Speed Scouting with Hunting Apps
By Mark Melotik
Where will you be hunting come the early season? Some states have already kicked off their deer seasons, and many will follow in the coming weeks. Do you have a solid plan? If you own a hunting app subscription, your smartphone can help lead the way.
As many of you know quality habitat and food are two of a whitetail’s greatest needs, and today’s premium hunting apps can help clue you in to clues that can make a huge difference in how local whitetails relate to certain areas. To say that quality, accurate, real-time info has the potential to make or break a hunt doesn’t quite get it.
As a longtime public-land hunter, I’ll never forget the impact that a tornado had on my favorite bigwoods area in far northern Wisconsin, a summer storm that leveled literally miles of stands of ancient, mature trees including a half-dozen of my most productive stand sites.

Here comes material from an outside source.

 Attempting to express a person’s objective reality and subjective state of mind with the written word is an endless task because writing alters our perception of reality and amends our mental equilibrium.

These were locations I’d fine-tuned for more than a decade. Over the years I was able to piece together the favored travel patterns of local deer and felt supremely confident in those setups, while hunting nearly any wind condition or stage of the rut.

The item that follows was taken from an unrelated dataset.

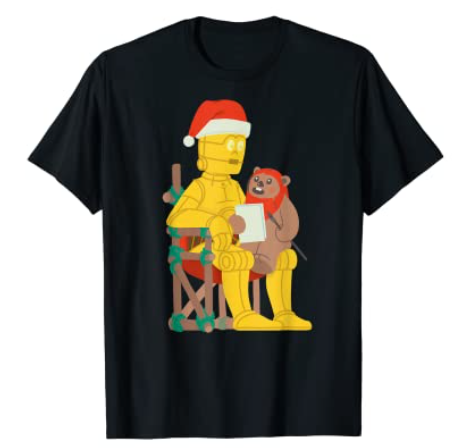 Have you ever wondered what C-3PO looks like dressed as Santa Claus? No? Us neither. Nevertheless, we just found out when we discovered this shirt, and now you know too! Santa C-3PO has a little Ewok on his lap, sharing his wish list for Christmas.

And then, suddenly, they were gone.
Maybe even more devastating was the extensive clear-cut logging operation in the years that followed, cleaning up the fallen trees but further altering the surrounding landscape.
Because I traveled regularly to the area from my home in Minnesota, I could more or less keep abreast of the many changes, but today’s hunting apps make keeping on top of even the most drastic habitat changes a matter of a few easy clicks on your smartphone.
With HuntStand’s Monthly Satellite Imagery layer, for instance, you can keep track of things like logging operations/clearcuts or wildfires, and you can know before you hunt whether the local farm fields hold corn or soybeans, or have now become CRP. That’s some serious knowledge that can help you plan your hunt before you even leave your home.
The Monthly Satellite Imagery layer is just that — a monthly satellite snapshot of your selected hunting area that is not what you’d call high-definition, but still shows pretty much all the detail you’ll want to know. You will likely be able to see whether a large marshy area is wetter than usual this year, or whether that remote pond you stumbled on two years ago is still holding water.
I’ll be among the first to agree with those who believe there is nothing like boots-on-the-ground scouting for accurate, up-to-date intel on your hunting tracts of choice. But if you are among the many who hunt several different areas — whether they be private or public — investing in the power of a premium hunting app can offer some serious speed-scouting advantages to help you plan your hunts more effectively, and make the most of your precious hunting time.